Now that he was spoiled by his one night stand with Big Brother, how could he have coitus with Julia now? It was impossible. He couldn't break up with her because it would be too awkward. And coitus would be too boring.
Winston doused Julia with petrol and lit a match, setting Julia on fire. She was dead. That takes care of breaking up with her and having boring sex.
Winston spread the word to everyone that room 101 had a fatal glitch where it could be used as a personal slave by thinking real hard about being deathly afraid of something you're not, thus fooling the Thought Police, by flying one of those banner planes in the sky. Now men were getting pregnant, including a boy wearing glasses and a lightning shaped scar on his forehead, Disney was still making traditional animation past 'Princess and the Frog' and everyone was constantly being showered with praises whether they deserved it or not. Eventually someone stepped up to the plate by being deathly afraid of the Ministry of Love being destroyed. Now O'Brien was beginning to catch on and things took a turn for the worse.

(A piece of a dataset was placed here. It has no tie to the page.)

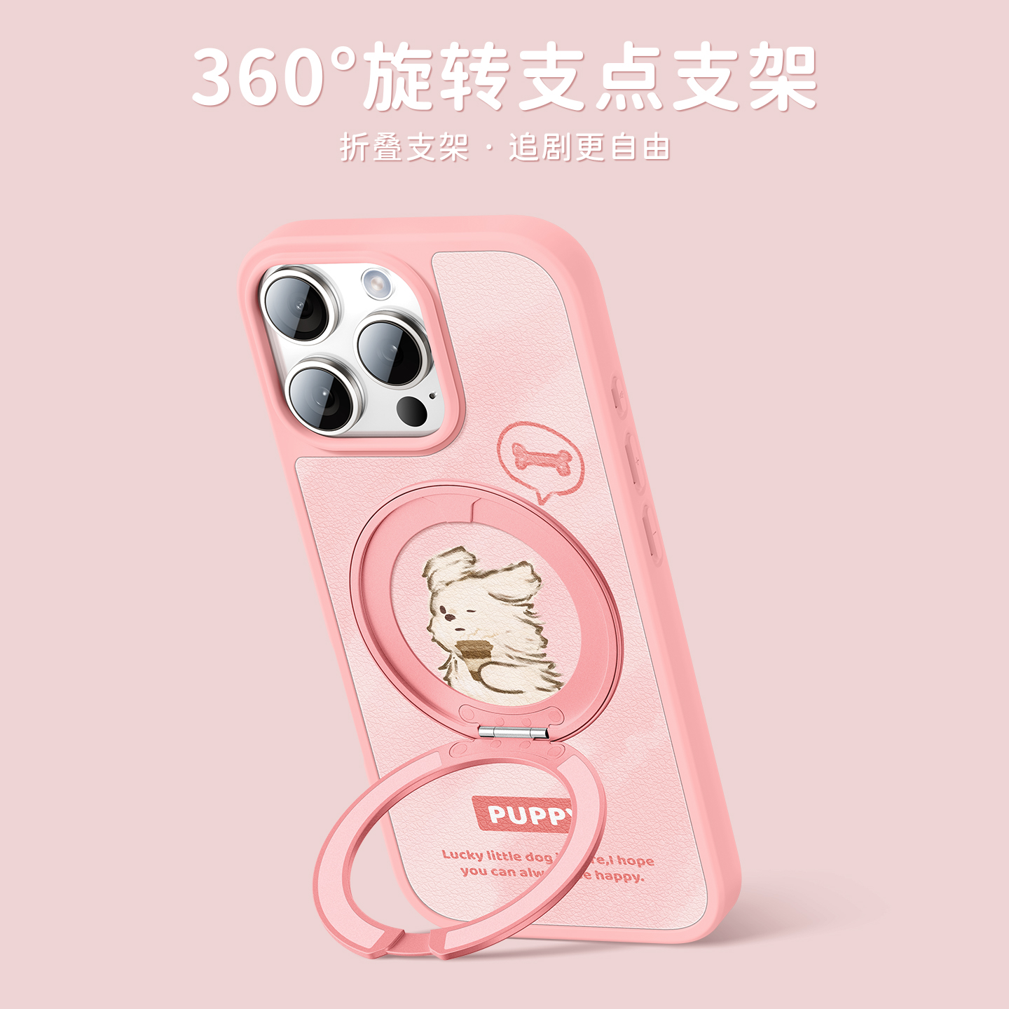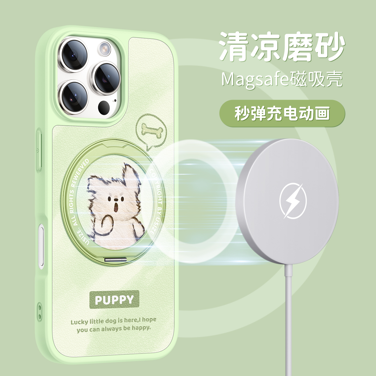 适用苹果17promax手机壳新款 16pro保护套14全包magsafe磁吸带支架小清新iphone15防摔帅气小狗air支点软外壳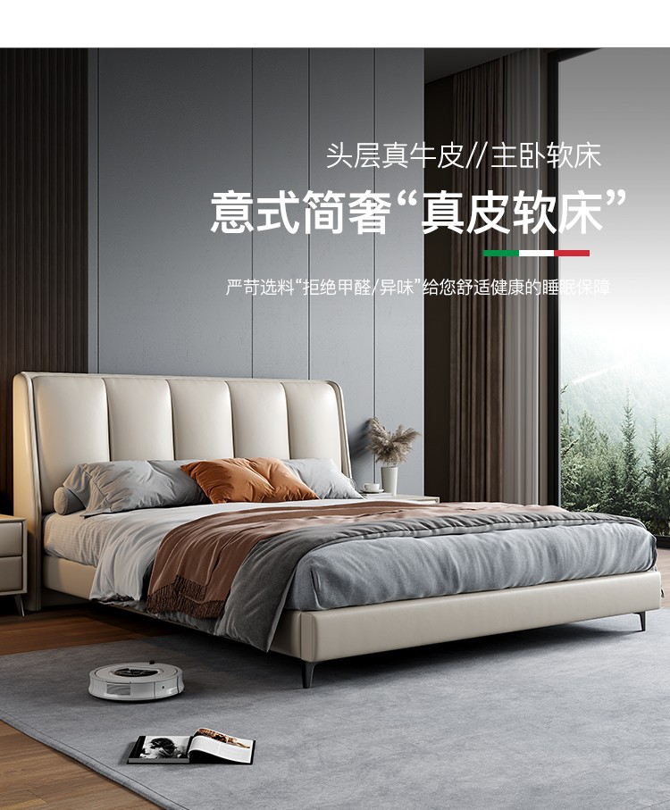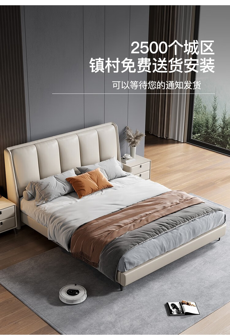 奥左 真皮双人床意式轻奢极简北欧主卧头层牛皮1.8米1.5米结婚家用大软包床 实木架子床 1.5*2米真皮床【进口松木框架+高回弹海绵靠包】奥左 真皮双人床意式轻奢极简北欧主卧头层牛皮1.8米1.5米结婚家用大软包床 实木架子床 1.5*2米真皮床【进口松木框架+高回弹海绵靠包】...

"I know these cheapskates are exploiting the room 101 glitch, so we must ramp up security. Treating us like the gullible fools we are will be a thing of the past! From now on, if someone fears something, room 101 will be the complete opposite of what they feared most." Some lucky person managed to overhear and feared the Ministry of Love still standing. Sure enough, the Ministry of Love came toppling down, and along with it Big Brother's Nazi fascist regime.